The paper's author wants code to work the same on all systems even when the code conveys unclear semantics. That is unreasonable.
To give credit to the paper's author that no-op is part of the SPEC benchmark suite and the author feels that code in that benchmark is being treated as privileged by compiler authors.
Even though I disagree with the author I try to understand some of his perspective.
There's a gap between "humans can't write assembly better than the compilers" and "there's nothing humans can do to help the compiler write better code".
Depends. You won't beat llvm if your code uses strictly intrinsics. Some things, like adding carry bits across 64-bit arrays, might need to be done by hand, because of special, knowledge about your data that are not generalizable.
I agree completely, it's still impressive to me that they presumably managed a competitive offering with such a system. I imagine having it be a highly homogeneous design also helped.
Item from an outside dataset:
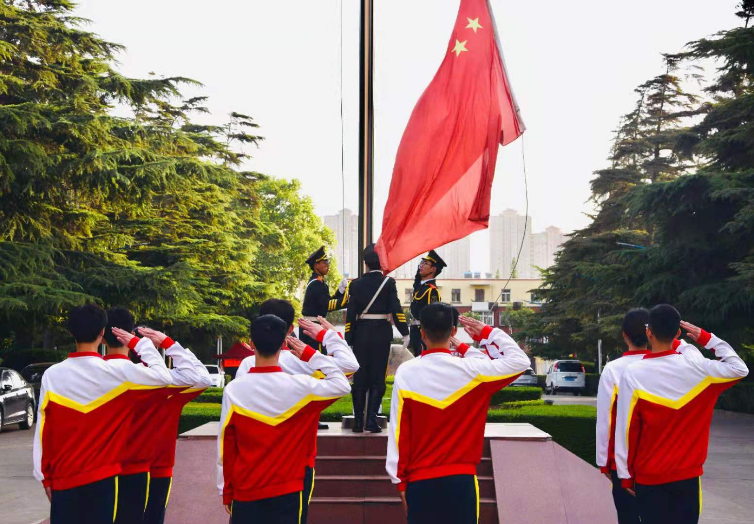 升旗仪式开始,国旗班的旗手们迎着朝阳,迈着整齐有力的步伐,以饱满的热情,庄严地护卫着五星红旗。当庄严神圣的《义勇军进行曲》奏响时,五星红旗冉冉升起,随风飘扬,全体师生行注目礼。

The interesting question, to me at least, is how much cheaper this chip is - with its suboptimal maximum clock rate - compared to a chip from a non-automated flow. If peak clock rate is one half, but cost is one hundredth, I'd say it's a spectacular achievement.
100th in costs and one half in performance is, granted, wishful thinking on my part. But I believe the important point is that with a sufficient productivity gain, this technology can reduce the old, non-automated way to something akin to writing software libraries in assembly. Writing software libraries in assembly is useful, but few bother to do it because they'd rather just buy more hardware. Chugging out twice a many chips, once you have your design finished, isn't really that much more expensive, as I understand it.
It is an open source RISC based ISA along with open source implementations of example processor cores. Then you could have had a processor that was completely open and did not include any proprietary code.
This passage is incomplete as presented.